My first weeks at Historic England were ones of tumult in ancient places. Earthquakes in Nepal were followed by the capture of Palmyra by Isis. The world held its breath for the sort of attacks on heritage that the New York Times called ‘attacks on the best in all of us’.

One of the first commitments people make after a disaster like that in Nepal is to rebuild the historic sites the country holds dear. Because they represent the spirit of its people. And this is why heritage becomes a target when cultures, races and nations are under attack.

England’s places are no different. During the Second World War, Churchill wanted St Paul’s Cathedral to be protected ‘at all costs’ as a symbol for the nation. Men and women risked their lives in the Cathedral watch, and St Paul’s stands still. This is a humbling legacy for those of us involved in heritage protection today – the professionals, volunteers, campaigners and visitors that make up our tribe.

We must ensure that our starting point is always to hand on the incredible opportunity of our historic environment to future generations. The memorable inscription on Wren’s tomb inside his masterpiece, St Paul’s, reads ‘If you seek his monument, look around you.’ This is a standard by which all heritage workers can be judged – that future generations are able to look around them and feel in awe, curious, inspired.

The challenge today seems less heroic than in previous centuries. But it is no less important – whether the threat is gradual decay, climate change, or insensitive and sometimes senseless development. This does not always mean we can or should freeze our historic environment in time. Dereliction is a huge threat, and finding sustainable uses so people can experience and enjoy it today is a key job for the heritage movement. People value what they know and understand, and they look after what they value. Our heritage embodies the record of the struggles of previous generations – their highs and their lows. Our job is to unlock these stories. We must always do it on the basis of evidence, understanding and expertise. But that is only half the job. The other half is telling these stories – so that the historic environment is understood, cared-for and celebrated. And we need to make sure that our knowledge and skill is effectively applied for the good of historic places.
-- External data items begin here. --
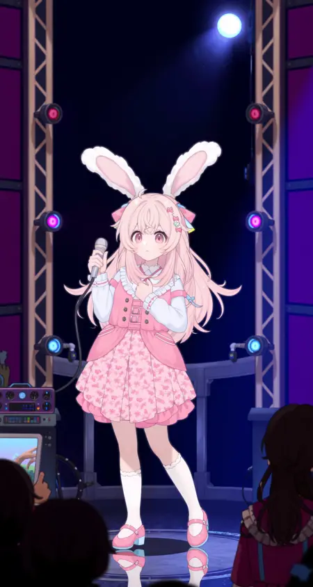 base prompt: pippa, rabbit ears, bangs, virtual youtuber, pink hair, pink eyes, ahoge, looking at viewer, hair ornament,
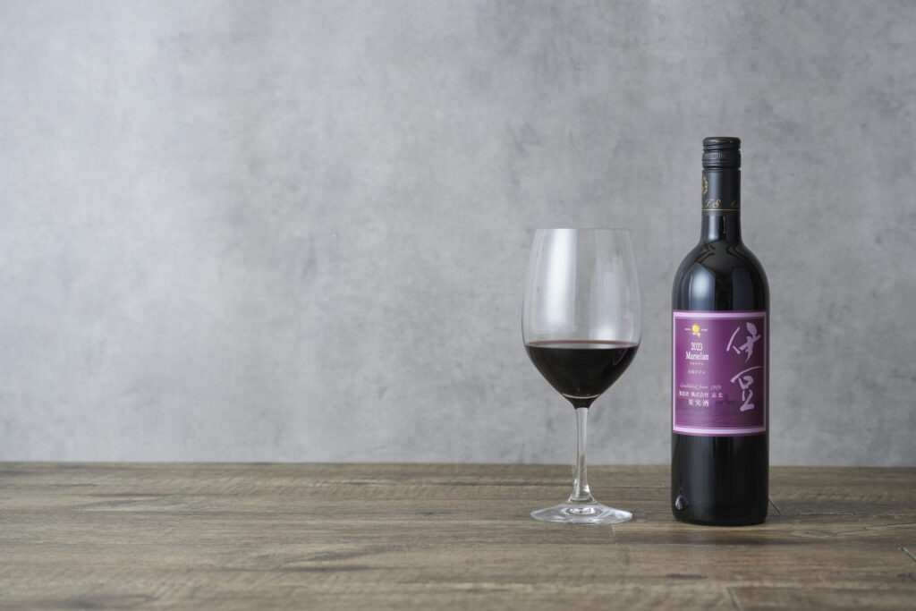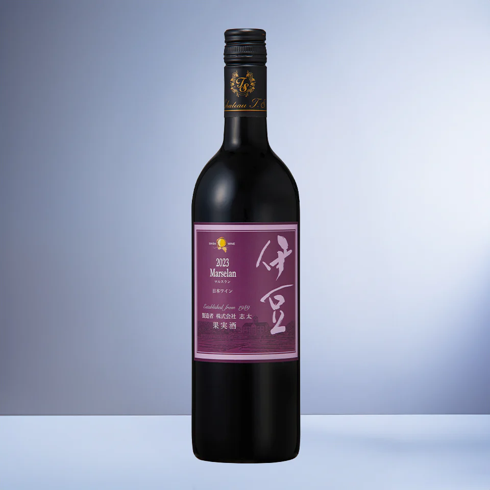 グルナッシュとカベルネ・ソーヴィニヨンの交配品種であるマルスラン100%で醸造したワインです・フルーティな香りと程よい樽香が調和しています。伊豆の太陽を浴びて実ったぶどう由来の味わいとビターな渋味が楽しめます。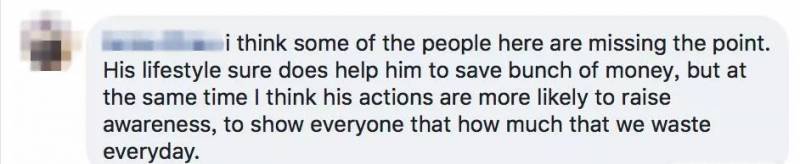 (我认为很多人没有抓住重点。他的生活方式当然可以帮他攒一大笔钱,但是同时,我认为他的行为更重要的是提醒大家意识到自己每天生活中浪费量有多大。)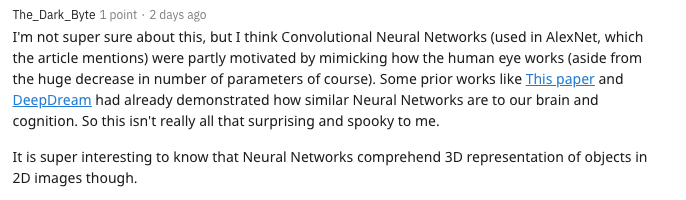 但有人却认为这没什么大惊小怪的:「我对此不太确定,但我认为卷积神经网络(AlexNet)在某种程度上是通过模仿人眼的工作方式来实现的(当然,除了参数数量的大量减少之外)。诸如本文和DeepDream之类的一些先前工作已经证明了神经网络与我们的大脑和认知有多么相似。因此,这对我来说并不是真的那么令人惊讶和恐怖。」

The creation of Historic England is a once-in-a-generation opportunity to bring the historic environment into the foreground of our national life, in order to realise its enormous potential – both economic and social. But this can only happen if we win the argument for heritage. The new model for Historic England was a major step forward. It has allowed both the English Heritage Trust and Historic England to focus on our individual expertise, with full backing from government who have underwritten the cost. It has encouraged both organisations to be creative, finding new ways of engaging and bringing more resources into the sector. We need to keep winning the argument for heritage. At the moment, an important focus for us is the next public spending review. We recognise the scale of the task, but we must ensure that the heritage sector is at least not disproportionately hit when it comes to spending cuts. For the historic environment is central to our nation’s prosperity and quality of life. We are working with partners across the heritage and history landscape to face our challenges together.

I am very grateful to all those of you who have made me very welcome in my new role, as well as all those who have been involved in the creation of Historic England and who are so committed to its success. I am delighted to be here, and I am looking forward to continuing to work with you all. Effective co-operation will secure our legacy."